Their research, entitled “Wide-Temperature Range Thermoregulating E-Skin Design through a Hybrid Structure of Flexible Thermoelectric Devices and PCM Heat Sink,” was published in Ecomat, a high-level comprehensive journal jointly organized by the Hong Kong Polytechnic University (PolyU) and Wiley.

Figure 1 temperature adaptation of the e-skin

Based on a flexible thermoelectric device and phase-change material heat sink, Prof. Liu’s team created a thermoregulating e-skin that can be used to modulate the temperature of prosthetic surfaces to improve user comfort in diverse temperature situations. The adaptable thermoelectric device made of an island-bridge structure can be attached to the prosthesis surface as a temperature source to regulate the temperature of the e-skin surface and has a good bending ability.

The heat produced by thermoelectric devices can be stored in a pool inside the phase change material that is filled with a high thermal conductivity foam. This e-skin that regulates temperature can adapt to different temperatures just like a human body. In low-temperature environments, it can be heated, while in high-temperature environments, it may be cooled. The e-skin’s specific power expenditure at 0.5 m/s wind speed and 10°C wind temperature is 8.53 mW·cm−2·°C−1.

The e-skin uses 7.3 mW·cm−2·°C−1 in terms of specific power expenditure at 0.5 m/s wind speed and 45°C wind temperature.

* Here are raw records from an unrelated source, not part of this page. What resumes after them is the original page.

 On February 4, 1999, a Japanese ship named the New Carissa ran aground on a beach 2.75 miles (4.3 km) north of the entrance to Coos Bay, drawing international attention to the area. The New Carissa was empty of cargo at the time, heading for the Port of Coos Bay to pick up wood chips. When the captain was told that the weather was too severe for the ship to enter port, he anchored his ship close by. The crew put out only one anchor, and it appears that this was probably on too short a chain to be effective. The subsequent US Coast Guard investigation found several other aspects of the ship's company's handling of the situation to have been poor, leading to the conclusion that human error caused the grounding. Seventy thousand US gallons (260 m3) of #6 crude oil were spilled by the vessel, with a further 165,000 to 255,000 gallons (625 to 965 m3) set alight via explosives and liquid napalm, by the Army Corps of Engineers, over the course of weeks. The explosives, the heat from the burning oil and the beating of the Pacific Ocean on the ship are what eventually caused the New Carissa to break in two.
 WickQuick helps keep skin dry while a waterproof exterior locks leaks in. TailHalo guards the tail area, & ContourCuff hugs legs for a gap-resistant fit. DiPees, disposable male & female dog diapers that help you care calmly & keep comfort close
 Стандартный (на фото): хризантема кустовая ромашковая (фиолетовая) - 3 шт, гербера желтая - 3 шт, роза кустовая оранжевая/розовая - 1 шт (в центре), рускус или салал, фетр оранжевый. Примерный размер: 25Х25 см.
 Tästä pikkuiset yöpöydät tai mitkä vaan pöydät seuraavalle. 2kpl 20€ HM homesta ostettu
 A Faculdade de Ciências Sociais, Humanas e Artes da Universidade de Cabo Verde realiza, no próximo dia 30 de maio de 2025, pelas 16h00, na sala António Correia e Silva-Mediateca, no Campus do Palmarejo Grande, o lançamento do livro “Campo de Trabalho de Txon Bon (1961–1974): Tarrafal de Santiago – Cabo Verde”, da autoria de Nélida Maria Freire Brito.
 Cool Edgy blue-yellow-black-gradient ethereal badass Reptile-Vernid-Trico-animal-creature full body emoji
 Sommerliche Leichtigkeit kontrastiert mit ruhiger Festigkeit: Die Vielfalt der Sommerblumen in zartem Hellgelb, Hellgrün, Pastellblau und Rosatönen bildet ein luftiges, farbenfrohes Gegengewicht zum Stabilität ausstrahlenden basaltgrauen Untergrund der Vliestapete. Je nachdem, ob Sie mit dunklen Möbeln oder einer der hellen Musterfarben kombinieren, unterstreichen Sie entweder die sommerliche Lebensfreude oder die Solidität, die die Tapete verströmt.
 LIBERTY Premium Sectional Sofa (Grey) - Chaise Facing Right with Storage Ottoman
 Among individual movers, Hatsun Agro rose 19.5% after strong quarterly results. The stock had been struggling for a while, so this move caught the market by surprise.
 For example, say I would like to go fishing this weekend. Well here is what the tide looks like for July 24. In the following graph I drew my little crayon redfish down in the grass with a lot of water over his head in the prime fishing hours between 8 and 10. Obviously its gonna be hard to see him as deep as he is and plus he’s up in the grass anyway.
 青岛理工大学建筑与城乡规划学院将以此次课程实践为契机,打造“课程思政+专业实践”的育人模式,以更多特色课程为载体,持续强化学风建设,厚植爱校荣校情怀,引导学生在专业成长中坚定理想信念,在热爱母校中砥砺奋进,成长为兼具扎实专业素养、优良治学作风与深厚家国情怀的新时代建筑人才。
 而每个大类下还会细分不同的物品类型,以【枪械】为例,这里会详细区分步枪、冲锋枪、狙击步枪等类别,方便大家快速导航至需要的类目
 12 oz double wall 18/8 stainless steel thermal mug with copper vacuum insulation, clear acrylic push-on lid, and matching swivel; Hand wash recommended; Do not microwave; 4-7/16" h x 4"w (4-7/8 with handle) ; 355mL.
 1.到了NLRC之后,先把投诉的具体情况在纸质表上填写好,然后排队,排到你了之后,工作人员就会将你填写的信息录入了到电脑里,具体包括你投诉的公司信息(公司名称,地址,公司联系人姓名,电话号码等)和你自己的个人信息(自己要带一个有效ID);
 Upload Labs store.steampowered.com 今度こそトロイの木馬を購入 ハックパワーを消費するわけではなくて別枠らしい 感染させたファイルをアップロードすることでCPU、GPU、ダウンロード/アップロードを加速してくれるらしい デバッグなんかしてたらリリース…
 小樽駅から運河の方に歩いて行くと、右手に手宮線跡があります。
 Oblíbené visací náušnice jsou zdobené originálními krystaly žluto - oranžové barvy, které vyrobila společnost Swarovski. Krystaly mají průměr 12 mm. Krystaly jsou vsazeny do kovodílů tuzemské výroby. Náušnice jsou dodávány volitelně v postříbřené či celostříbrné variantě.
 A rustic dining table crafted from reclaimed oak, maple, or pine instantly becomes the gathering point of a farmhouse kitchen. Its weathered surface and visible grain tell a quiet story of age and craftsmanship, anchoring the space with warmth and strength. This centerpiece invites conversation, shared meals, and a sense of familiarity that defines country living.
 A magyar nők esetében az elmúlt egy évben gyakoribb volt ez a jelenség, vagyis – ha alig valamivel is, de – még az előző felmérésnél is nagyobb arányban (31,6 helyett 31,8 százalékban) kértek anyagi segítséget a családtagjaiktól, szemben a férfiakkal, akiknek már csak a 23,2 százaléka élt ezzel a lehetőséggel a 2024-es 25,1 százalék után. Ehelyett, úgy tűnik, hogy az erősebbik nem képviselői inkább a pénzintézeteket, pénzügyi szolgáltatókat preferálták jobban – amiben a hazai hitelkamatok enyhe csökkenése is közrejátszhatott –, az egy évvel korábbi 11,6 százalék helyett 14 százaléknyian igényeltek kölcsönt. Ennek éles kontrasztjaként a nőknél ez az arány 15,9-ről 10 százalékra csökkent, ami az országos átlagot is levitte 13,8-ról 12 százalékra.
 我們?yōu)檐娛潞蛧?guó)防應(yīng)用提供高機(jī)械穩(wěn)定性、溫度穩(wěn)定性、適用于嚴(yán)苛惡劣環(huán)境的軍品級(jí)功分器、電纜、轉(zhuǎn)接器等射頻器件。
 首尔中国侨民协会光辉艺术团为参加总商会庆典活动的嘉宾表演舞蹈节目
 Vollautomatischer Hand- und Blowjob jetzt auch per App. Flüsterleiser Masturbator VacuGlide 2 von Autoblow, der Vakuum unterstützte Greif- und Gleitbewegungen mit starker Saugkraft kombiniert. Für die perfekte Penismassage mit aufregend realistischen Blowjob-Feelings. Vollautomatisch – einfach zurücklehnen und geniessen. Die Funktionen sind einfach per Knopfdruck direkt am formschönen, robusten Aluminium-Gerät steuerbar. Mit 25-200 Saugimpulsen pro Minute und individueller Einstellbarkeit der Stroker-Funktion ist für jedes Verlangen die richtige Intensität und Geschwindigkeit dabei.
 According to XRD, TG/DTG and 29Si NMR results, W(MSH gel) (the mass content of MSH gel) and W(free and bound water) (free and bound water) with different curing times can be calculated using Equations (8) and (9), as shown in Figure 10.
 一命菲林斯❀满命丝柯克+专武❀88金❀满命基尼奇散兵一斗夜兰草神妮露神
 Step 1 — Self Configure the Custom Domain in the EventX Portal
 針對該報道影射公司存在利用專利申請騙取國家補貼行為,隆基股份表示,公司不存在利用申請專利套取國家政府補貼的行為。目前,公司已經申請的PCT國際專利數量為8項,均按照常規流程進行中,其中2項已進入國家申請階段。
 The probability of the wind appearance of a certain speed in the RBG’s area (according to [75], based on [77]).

The e-skin also simulates the thermostatic function of human skin, maintaining a comfort zone of 35°C surface temperature over a broad ambient temperature range of 10-45°C. The e-skin can keep the surface temperature at the desired temperature for two hours when the surrounding temperature is below 35°C. The e-skin can hold the surface temperature at 35°C for about one and a half hours under a wind temperature of 40°C. Still, its constant temperature time is limited when the ambient temperature is higher than 35°C.

Figure 2. The e-skin maintains flexible temperature regulation in cyclic low and high-temperature environment tests

The e-skin’s capacity to regulate temperature well offers a fresh perspective on the simulation of intelligent prosthesis temperature in the future, which is crucial for enhancing amputees’ quality of life and advancing robot bionics research.

Ph.D student Pengxiang Zhang is the first author of this paper. Prof. Weishu Liu is the corresponding author, while SUSTech is the only corresponding unit of the paper. Biao Deng, Kang Zhu, Qing Zhou, Shuangmeng Zhang, and Wenting Sun from Prof. Liu’s research group and Prof. Zijian Zheng from PolyU also contributed to this study.

The research was supported by the Innovation Project of Guangdong Province, Shenzhen Science and Technology Program, Hong Kong Polytechnic University, and the Research Grants Council Senior Research Fellow Program.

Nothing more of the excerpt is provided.